- **WHAT IS BEING ASKED**
When the listing below reaches the line that has "in the picture.", start reproducing exactly; stop after the line that has "axes femme kawaii", and drop the pictures.

- **SUPPLIED INFORMATION**
###

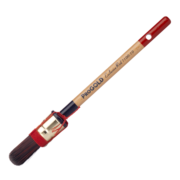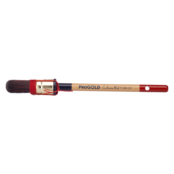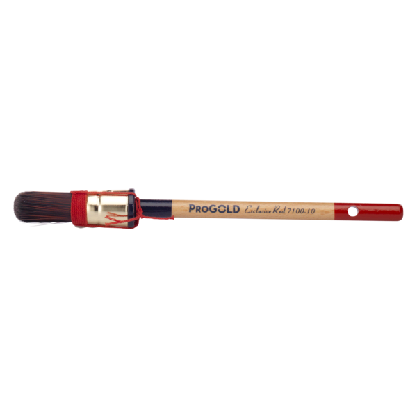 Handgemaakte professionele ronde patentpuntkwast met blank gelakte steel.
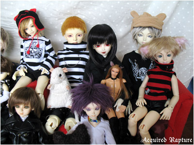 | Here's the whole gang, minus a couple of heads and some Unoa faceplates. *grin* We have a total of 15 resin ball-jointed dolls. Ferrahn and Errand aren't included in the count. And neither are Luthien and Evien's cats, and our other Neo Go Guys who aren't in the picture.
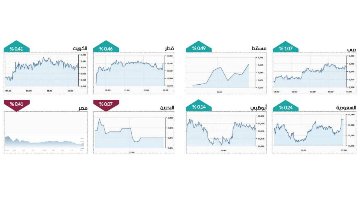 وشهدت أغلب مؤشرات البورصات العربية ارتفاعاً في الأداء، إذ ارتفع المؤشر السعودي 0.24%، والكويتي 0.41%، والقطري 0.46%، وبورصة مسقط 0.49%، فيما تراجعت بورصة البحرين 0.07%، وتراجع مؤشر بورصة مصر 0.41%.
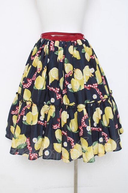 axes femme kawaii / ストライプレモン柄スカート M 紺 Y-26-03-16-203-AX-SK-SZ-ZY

###

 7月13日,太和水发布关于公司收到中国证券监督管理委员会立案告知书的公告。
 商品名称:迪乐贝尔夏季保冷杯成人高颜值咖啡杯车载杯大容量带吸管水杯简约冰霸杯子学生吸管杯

###

- **ANSWER FOR THIS EXERCISE**
 | Here's the whole gang, minus a couple of heads and some Unoa faceplates. *grin* We have a total of 15 resin ball-jointed dolls. Ferrahn and Errand aren't included in the count. And neither are Luthien and Evien's cats, and our other Neo Go Guys who aren't in the picture.
 وشهدت أغلب مؤشرات البورصات العربية ارتفاعاً في الأداء، إذ ارتفع المؤشر السعودي 0.24%، والكويتي 0.41%، والقطري 0.46%، وبورصة مسقط 0.49%، فيما تراجعت بورصة البحرين 0.07%، وتراجع مؤشر بورصة مصر 0.41%.
 axes femme kawaii / ストライプレモン柄スカート M 紺 Y-26-03-16-203-AX-SK-SZ-ZY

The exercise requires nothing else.